For both Newtonian and relativistic spacetime from the symmetry under time and space translations as well as spatial rotations it follows that
$$L(\vec{x},\vec{v},t)=F(\vec{v}^2).$$
Now you can use the formalism of Noether's theorem for the symmetry under Lorentz boosts, but this is not necessary too, because the only way to get an invariant action only built from ##\vec{v}^2=\dot{\vec{x}}^2## obviously is
$$S=-m c^2\int_{t_1}^{t_2} \mathrm{d} t \sqrt{1-\dot{\vec{x}}^2/c^2}.$$
From this you get the (canonical) momenta
$$\vec{p}=\frac{\partial L}{\partial \dot{\vec{x}}}=\frac{m \dot{\vec{x}}}{\sqrt{1-\dot{\vec{x}}^2/c^2}}.$$
Since ##L## is not explicitely dependent on time, you have also the energy as conserved quantity
$$E=\vec{p} \cdot \dot{\vec{x}}-L=\frac{m c^2}{\sqrt{1-\dot{\vec{x}}^2/c^2}}.$$
Since further
$$\mathrm{d} \tau=\sqrt{1-\vec{v}^2/c^2} \mathrm{d} t$$
is a scalar quantity and we can write
$$\begin{pmatrix} E/c \\ \vec{p} \end{pmatrix}=m \frac{\mathrm{d} x^{\mu}}{\mathrm{d} \tau}$$
with ##x=(x^{\mu})=(c t,\vec{x})## we get the four-momentum in a manifestly covariant way.

strangerep
Another approach is to use Poincare invariance and ask for a Lagrangian of one particle fulfilling all the 10 conservation laws associated with the one-parameter subgroups.
[...] we get the four-momentum in a manifestly covariant way.
(Nitpick:) what about light-like particles? vanhees71
Gold Member
Though there are no light-like particles, you can describe them with the Lagrange formalism.
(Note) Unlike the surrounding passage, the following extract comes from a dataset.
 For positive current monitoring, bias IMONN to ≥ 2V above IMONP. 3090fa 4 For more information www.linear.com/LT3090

Of course you have to change another Lagrangian.

For a massive particle if you have in the above given "square-root form", i.e., a parametrization invariant action,
$$S=\int \mathrm{d} \lambda [-mc^2 \sqrt{\dot{x}_{\mu} \dot{x}^{\mu}}+L_I(x,\dot{x},\lambda)],$$
you can use another physically equivalent action
$$\tilde{S}=\int \mathrm{d} \lambda [-\frac{m}{2} \dot{x}_{\mu} \dot{x}^{\mu}+L_I(x,\dot{x})].$$
Here ##L_I(x,\dot{x})## must be a 1st-rank homogeneous function of ##\dot{x}##, i.e.,
$$L_I=\dot{x}^{\mu} \frac{\partial L_I}{\partial \dot{x}^{\mu}}.$$
While with ##S## you get a parametrization-invariant description, i.e., you can choose whatever world-line parameter you like, with ##\tilde{S}## you get automatically an affine parameter, i.e., since the Lagrangian is not explicitly dependent on ##\lambda##, you get
$$\dot{x}_{\mu} \dot{x}^{\mu}=C=\text{const}.$$
For a massive particle the world line must be timelike, and you can choose ##C=1## (then ##\lambda=s=c \tau##) or ##C=c^2## (then ##\lambda=\tau##, with ##\tau## the particle's proper time).
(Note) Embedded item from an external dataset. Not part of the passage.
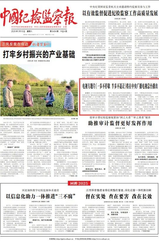 据《中国纪检监察报》1月10日消息,由中央纪委国家监委宣传部与中央广播电视总台央视联合摄制的电视专题片《一步不停歇 半步不退让》,将于1月11日至14日在中央广播电视总台央视综合频道晚八点档播出,央视新闻新媒体平台同步播发。 反腐败是最彻底的自我革命。新时代新征程,以习近平同志为核心的党中央以自我革命的高度自觉,以“得罪千百人、不负十四亿”的使命担当,推进全面从严治党和反腐败斗争。专题片充分展现纪检监察机关始终保持永远在路上的坚韧执着,坚守以人民为中心的价值取向,持续推进党风廉政建设和反腐败斗争,坚持风腐同查同治,深化整治群众身边不正之风和腐败问题,严惩政商勾连腐败,坚决清除“围猎”这一政治生态污染源,以科技赋能正风反腐,着力铲除腐败滋生的土壤和条件,不断推动纪检监察工作高质量发展取得新进展新成效。 专题片选取了12个案例,共四集,分别为《纠风治乱为民》、《严惩政商勾连腐败》、《清理“围猎”污染源》、《科技赋能反腐》,生动反映纪检监察机关一步不停歇、半步不退让,一体推进不敢腐、不能腐、不想腐,坚决打好反腐败斗争攻坚战、持久战、总体战。

Now in the latter form with ##\tilde{S}## you can also choose ##C=0##. Then you describe massless particles with some arbitrary affine parameter, though I don't think that massless classical point particles make any sense.

The only example that makes sense is the use of the "naive photon picture" for the propagation of light, though it's utterly misleading to call this "photon". The most famous application is the calculation of Einstein's formula for the bending of light by the Sun within general relativity (where the above Lagrange formalism is of course also valid; you only have to use ##g_{\mu \nu}## describing the Lorentzian space-time pseudometric). What's called by modern slang "photon" here is nothing else than the eikonal approximation for the electromagnetic field (aka geometrical optics), taking its characteristics as worldlines of "massless photons".

strangerep
For a massive particle if you have in the above given "square-root form", i.e., a parametrization invariant action,
$$S=\int \mathrm{d} \lambda [-mc^2 \sqrt{\dot{x}_{\mu} \dot{x}^{\mu}}+L_I(x,\dot{x},\lambda)],$$
you can use another physically equivalent action
$$\tilde{S}=\int \mathrm{d} \lambda [-\frac{m}{2} \dot{x}_{\mu} \dot{x}^{\mu}+L_I(x,\dot{x})].$$
Here ##L_I(x,\dot{x})## must be a 1st-rank homogeneous function of ##\dot{x}##, i.e.,
$$L_I=\dot{x}^{\mu} \frac{\partial L_I}{\partial \dot{x}^{\mu}}.$$
In ##\tilde{S}##, don't you need a 2-homogeneous version of ##L_I## ?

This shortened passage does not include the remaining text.